I choose these because in the last year all three have been among the most outstanding student and professional pieces I’ve read from young, unknown authors.  And in the cases of at least two of the three (Note: I do not know the author of the third) I know the writers revealed quite a bit more about themselves than they ever intended.  And to their great credit.

I’ve quoted it before but it bears repeating that no less than six famous writers are credited with having once famously stated (and I’m paraphrasing because five of them most certainly did):  Being a writer is easy.  Just open a vein.

And add to that in less witty parlance:  There is no other way to get to the truth.

Perhaps (?) (!) that was what Margaret Atwood was doing in the early eighties when she wrote the now famous A Handmaid’s Tale – a work of fiction in a dystopian world that not only went on to become a best seller which has since never been out of print but has spawned both a feature film and an upcoming Hulu television series where Ms. Atwood herself makes a cameo guest star appearance.

And…… PEGGY!

In her story, a Christian fundamentalist movement takes over the United States -which reeks of pollution and sexually transmitted diseases – and installs a totalitarian regime that subjugates women and forces a particular class of them to serve as the term vessels of unwanted pregnancies to a more powerful group of men forcing their wills on them for what they believe to be the ostensible survival of society.

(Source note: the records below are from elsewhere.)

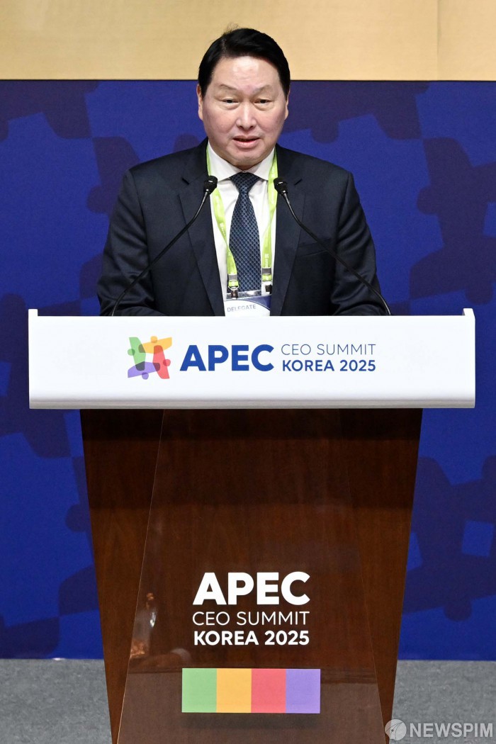 [서울=뉴스핌] 최태원 대한상의 회장이 29일 오전 경북 경주 화백컨벤션센터에서 열린 2025년 APEC CEO 서밋에서 개회사를 하고 있다. [사진=APEC 2025 KOREA & 연합뉴스] 2025.10.29 photo@newspim.com
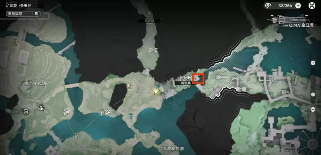 此次需传送至“景玉谷右上角”的协议终端。传送后,朝清波寨方向前进,途中会经过一座横跨河流的桥梁。关键点:过桥时不要急于离开,仔细观察桥体下方结构,第三个宝箱正藏匿于此处的视觉死角,稍加探索即可收入囊中。
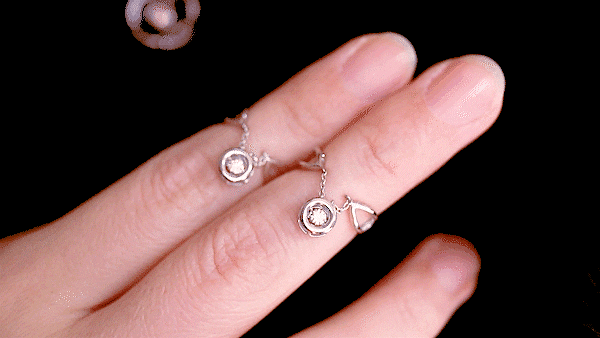 この複数の使い方ができるジュエリーは「ダンシングストーン」部を除き、当店のオリジナルデザインとして国内での「意匠権」を申請中です。
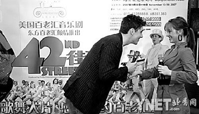 作為第五屆北京國際舞蹈演出季的特邀節(jié)目,音樂劇《42街》將于11月13日在北展劇場亮相。很多人都有個疑問,百老匯音樂劇中的踢踏舞與《大河之舞》的踢踏舞有何不同?10月26日,《42街》的主要演員在記者面前展示了兩種踢踏舞的不同,隨著男女主角克里斯蒂恩和查爾斯“秀”出的《42街》開場曲,讓記者了解到演員的實力和《42街》的魅力。女主角扮演者克里斯蒂恩對記者說:“我的藝術(shù)經(jīng)歷與劇中女主角的經(jīng)歷真的是很相像,這個戲?qū)懙木褪俏覀兊纳,所以演起來很有感覺!
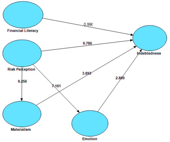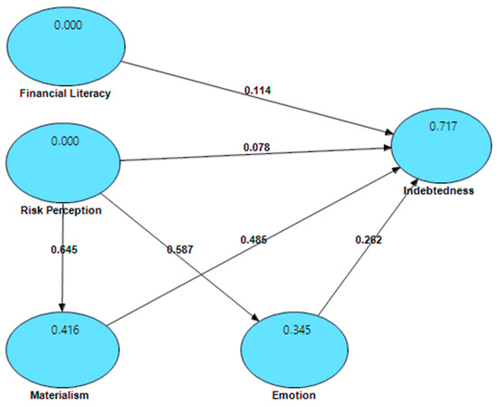 The findings of the structural model analysis are illustrated in Table 4. In the structural model, the results are examined through beta coefficient (β), and t-statistics for latent constructs. The findings show that four hypotheses are accepted at significant levels of 0.01 and 0.05, respectively, while two hypotheses are not accepted. According to Hair et al. (2013), the value of t-statistics equal to or higher than 1.64 are considered significant. The beta coefficient value assesses the strength of the relationship between independent and dependent variables. The beta coefficient value ranges from zero to one, indicating positive or negative significant relationships. The findings illustrate that a higher significant relationship is found between risk perception–materialism (β = 0.645) followed by risk perception–emotion (β = 0.587), materialism–indebtedness (β = 0.485), and emotion–indebtedness (β = 0.262). Therefore, H3, H4, H5, and H6 are accepted and H1 and H2 are not accepted. Figure 3 shows the structural model with the hypothesis test. The findings also reveal that the coefficient of determination (R2) value represents the percentage of variance. Hence, the dependent variables can be explained by independent variables, and range from zero to one. Cohen (1988) assumed that the closer the value to one, the more the independent variable explains the dependent variables. Thus, risk perception explains 41.6% of materialism and 34.5% of emotion. In addition, a total variance of indebtedness, 71.7%, is explained by financial literacy, risk perception, materialism, and emotion.
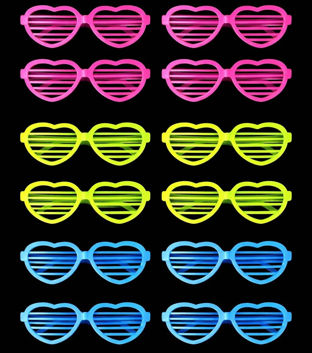 Fosforlu Kalp Panjur Gözlük, neon renkleri ve eğlenceli tasarımıyla parti ve organizasyonların vazgeçilmez aksesuarıdır. Kalp formundaki panjur yapısı sayesinde klasik gözlüklerden ayrılır ve özellikle karanlık ortamlarda fosforlu yapısıyla dikkat çeker.

Well, of course this is a work of fiction!

Fact almost seems more surreal than fiction these days

So much so that Ms. Atwood herself penned a piece several days ago for the NY Times explaining where she was and what she was thinking when she first wrote her perennial bestseller.

As well as what she could offer as to it’s meaning in what has been promised to be a new and improved United States that will once again be great again.

It’s a curious position to be in – addressing the real possibilities of a fictional story written in the past of an unimaginable dictatorial future some believe we are headed towards in the present.  But like any great writer she demurred on how prescient she was, attempting to be vaguely encouraging without providing answers.  In the age of what we’re constantly being told is instant communication, it’s up to all of us to draw those conclusions in the present.  Loudly.  For our futures.  Revealing not only where we stand but real parts of ourselves.  Before that is no longer a possibility.